Although both attention and memory have been thoroughly studied in isolation, very is little is actually known of how these two core cognitive functions interact in everyday life. In 2006, Nobre and colleagues published the results of a brain imaging experiment designed to identify the brain areas involved in memory-guided attention (Summerfield et al., 2006, Neuron). Participants in this experiment first studied a large number of photographs depicting natural everyday scenes. The instruction was to find a small target object embedded in each scene, very much like the classic Where's Wally game.


After performing the search task a number of times, participants were able learned the location of the target in each scene. When Nobre and her team tested their participants again on a separate day, they found that people were able to use the familiar scenes to direct attention to the previously learned target location in the scene. 

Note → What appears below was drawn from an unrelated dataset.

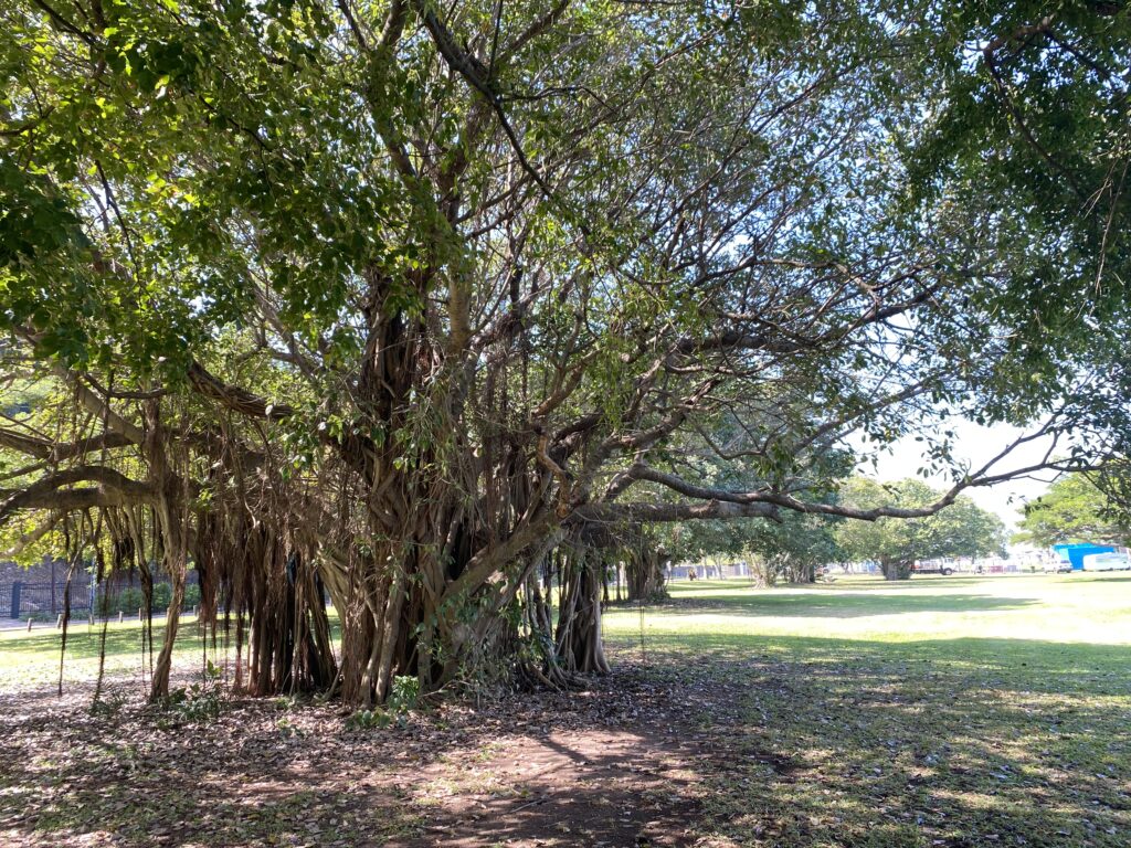 Wir wandern wieder durch den Park mit den Fig-Trees:

Next, the research team repeated this experiment, but this time changes in brain activity were measured in each participant while they used their memories to direct the focus of their attention. With functional magnetic resonance imaging (fMRI), the team found an increase in neural activity in brain areas associated with memory (especially the hippocampus) as well as a network of brain areas associated with attention (especially parietal and prefrontal cortex). 

This first exploration of memory guided attention (1) confirmed that participants can use long-term memory to guide attention, and (2) further suggested that the brain areas that the mediate long-term could interact with attention-related areas to support this coalition. However, due to methodological limitations at the time, there was no way to separate activity associated with memory-guided preparatory attention, and the consequences of past-experience on perception (e.g., Helmholtzian inference). This was the aim of our follow-up study.

The Current Study: Design and Results 


In collaboration with Nobre and colleagues, we combined multiple brain imaging methods to show that past experience can change the activation state of visual cortex in preparation for memory-predicted input (Stokes, Atherton, Patai & Nobre, 2012, PNAS). Using electroencephalography (EEG), we demonstrated that the memories can reduce inhibitory neural oscillations in visual cortex at memory-specific spatial locations.

With fMRI, we further show that this change in electrical activity is also associated with an increase in activity for the brain areas that represent the memory-predicted spatial location. Together, these results provide key convergent evidence that past-experience alone can shape activity in visual cortex to optimise processing of memory-predicted information. 


Finally, we were also able to provide the most compelling evidence to date that memory-guided attention is mediated via the interaction between processing in the hippocampus, prefrontal and parietal cortex. However, further research is needed to verify this further speculation. In particular, we cannot yet confirm whether activation of the attention network is necessary for memory-guided preparation of visual cortex, or whether a direct pathway between the hippocampus and visual cortex is sufficient for the changes in preparatory activity observed with fMRI and EEG. This is now the focus of on-going research.